In a collaborative study between Drexel, Stanford and Harvard, researchers found that 65 percent of participants had visited a doctor within the last year who had received payments or gifts from pharmaceutical or medical device firms.

Payments to physicians can take the form of meals, travel, gifts, speaking fees and research.

Only 5 percent of participants knew that their doctor had received these payments.
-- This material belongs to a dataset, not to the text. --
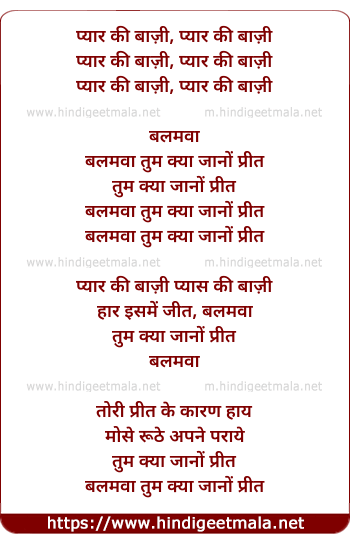Lyrics of Balamwa (Version 1) - प्यार की बाज़ी, प्यार की बाज़ी

“The concern is that physicians with financial ties to drug and device companies may be more likely to recommend those companies' products to their patients, even when other choices would be better for the patient, or just as good but less costly,” said Michelle Mello, the Stanford author and a professor of law and of health research and policy.

Open Payments, which reports pharmaceutical and device industry payments to physicians, was set up as part of the Physician Payment Sunshine Act, a provision of the Affordable Care Act (ACA). The website exists to make industry payment information available to the public.

But the study found that only 12 percent of patients knew this information was accessible. The authors stated that the act’s impact is highly dependent on whether patients know about it.

“Transparency can act as a deterrent for doctors to refrain from behaviors that reflect badly on them and are also not good for their patients,” said Genevieve Pham-Kanter, the lead author and an assistant professor at Drexel’s Dornsife School of Public Health.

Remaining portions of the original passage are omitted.